Egg cages rattling in B.C.


Miles Materi of Mountain Morning Farms at Salmon Arm, B.C., is fighting mad about an inspection by the British Columbia Egg Marketing Board.

He said the inspector arrived at his premises accompanied by a disgruntled RCMP officer “who really didn’t want to be there” to help the board exercise a search warrant.

He said the inspector entered his barn, took a few pictures and left.

He believes the inspection came as retaliation for his aggressive pursuit of documents about the egg board’s operations, particularly with regards to L.H. Gray and Son Ltd.

He filed a Freedom of Information request that includes documents relating to Gray’s egg-grading operations in the province, but has yet to get anything a year later.

Materi believes Gray and the B.C. egg board have “shut down all the grading stations” that are competitors “and now they’re trying to take a run at me.” He said so far he hasn't been able to get solid, documented evidence to substantiate that belief.

In his running battle with the egg board and its supervisory body, the Farm Industry Review Board, Materi says he warned them “I’m going to rattle every skeleton in the closet I can.” The egg board inspector arrived soon after.

He has also used Freedom of Information to gather Ontario documents about Gray and has obtained copies of Court of Appeal documents related to a multi-million-dollar lawsuit that small-scale competitor Svante Lind has filed against Gray, Burnbrae Farms Ltd. and the Ontario egg marketing board.

He has accused them of conspiracy to drive him out of the egg-grading business, of violations of Canada's Competition Act and of marketing dirty and cracked eggs, claiming they are Grade A.

Gray, the Hudson family which controls Burnbrae and the egg board deny any wrongdoing. The allegations of conspiracy and a number of other illegal acts remain to be tested in court.

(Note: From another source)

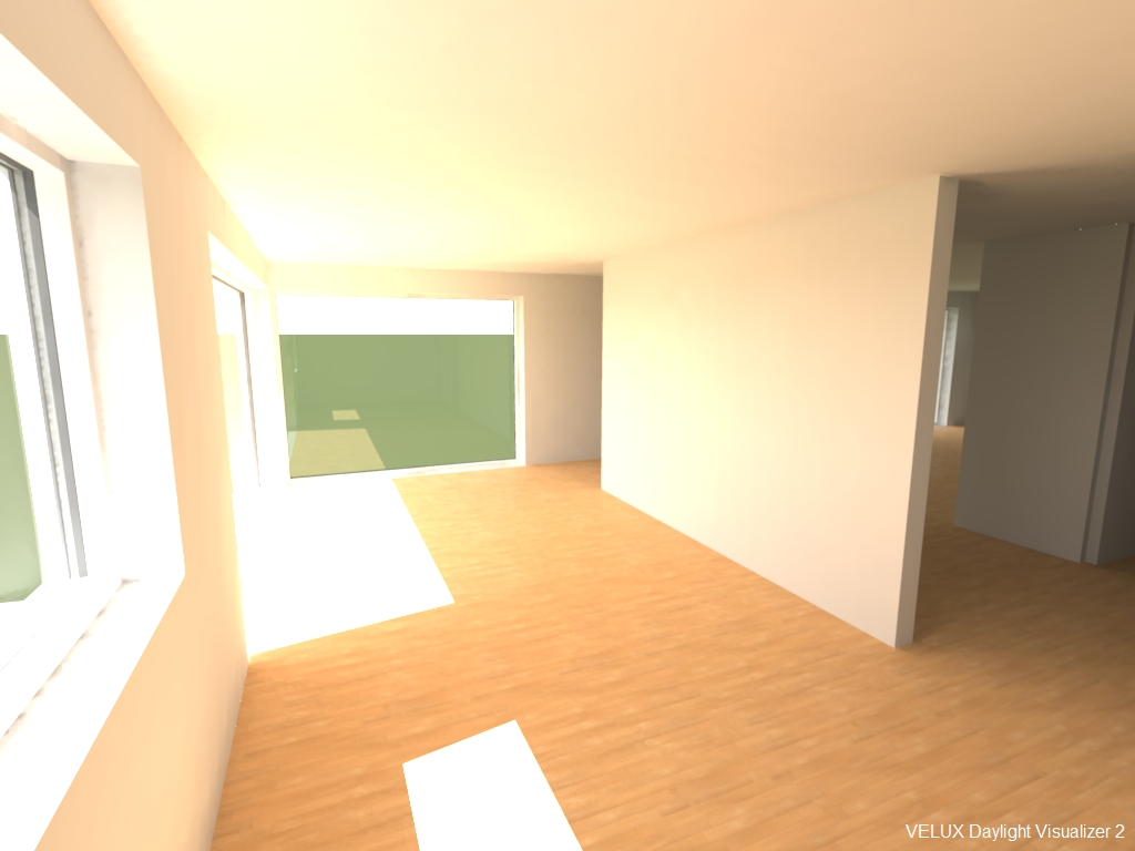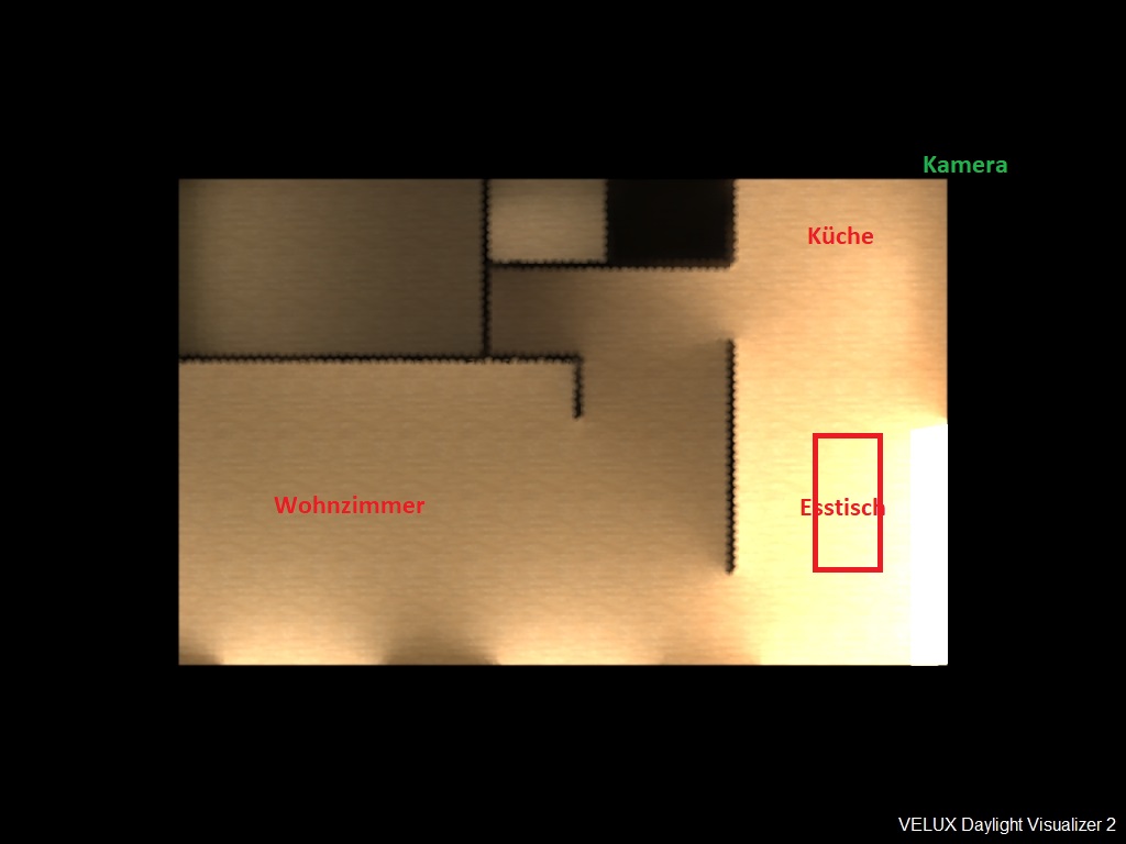 Hier mal eine Tageslichtsimulation für 10 Uhr Morgens. Eine angenehme Uhrzeit für ein gemeinsames Frühstück am Wochenende. Man beachte besonders die Lichtverhältnisse am Esstisch.

Materi said the Farm Industry Review Board has stalled the release of information for more than a year. He appealed to the province’s privacy commissioner, pointing out that some of the information he seeks relates to public health and safety.

More recently, Materi said the Attorney-General’s office has asked him to provide documentation about his complaints about egg-industry shenanigans by Monday.

He said he believes the Attorney-General’s office is delving into “governance issues.”